Für Strände ohne Dreckklumpen

KÜSTE Die Einleitung von Paraffin in Nord- und Ostsee soll verboten werden, fordern die Nord-Bundesländer. Bislang spülen Tanker den Stoff unbedacht ins Meer. Vögel in Gefahr

„Es kann nicht sein, dass Reeder sich die Kosten sparen“

TILL BACKHAUS, UMWELTMINISTER MV

VON KAI SCHÖNEBERG

BERLIN taz | Erst Mitte Juni traf es Norderney: Mitten in der Badesaison sammelten 30 städtische Mitarbeiter per Harken und Radladern die weißgrauen bis gelblichen Klumpen, zwischen sechs und zehn Zentimeter groß, vom Strand der Nordseeinsel. Im März war Sylt dran: Helfer klaubten handballgroße Paraffinklumpen auf, insgesamt 73 Kubikmeter hatten die Strände verpestet.

Damit Nord- und Ostsee nicht mehr als Müllkippe benutzt werden, wollen die norddeutschen Bundesländer handeln.

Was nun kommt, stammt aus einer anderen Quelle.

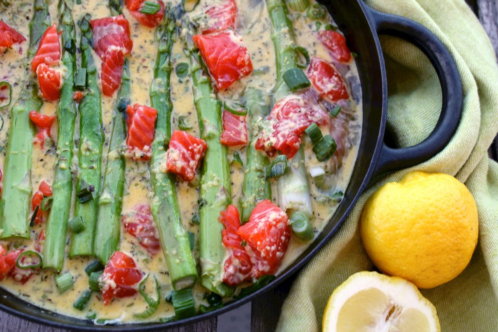 - Jos paahdat munakkaan uunissa paistinpannussa, kaada lohikuutiot ja muna-kermaseos tässä vaiheessa pannulle. Jos sinulla ei ole uunipaistoon soveltuvaa valurautapannua, kaada parsa-sipuliseos uunivuokaan, lisää joukkoon lohikuutiot ja munaseos.

Für die Konferenz der Landesumweltminister am Mittwoch in Heidelberg gibt es eine gemeinsame Beschlussvorlage. „Wir wollen erreichen, dass Paraffin auf die Liste jener Materialien kommt, die nicht ins Meer eingeleitet werden dürfen“, sagt Mecklenburg-Vorpommerns Ressortchef Till Backhaus (SPD).

Paraffin ist ein Nebenprodukt der Erdölverarbeitung. Es wird bei der Kerzenherstellung sowie im Kosmetik- und Medizinbereich sowie bei der Imprägnierung von Papier, Textilien und Holz verwandt und flüssig in Tankern über die Weltmeere geschippert. Im Wasser, etwa beim Spülen von Tanks auf See, erstarrt es zu Klumpen. Seevögel können sterben, wenn sie sich nach dem Kontakt mit dem Material putzen und größere Mengen davon aufnehmen.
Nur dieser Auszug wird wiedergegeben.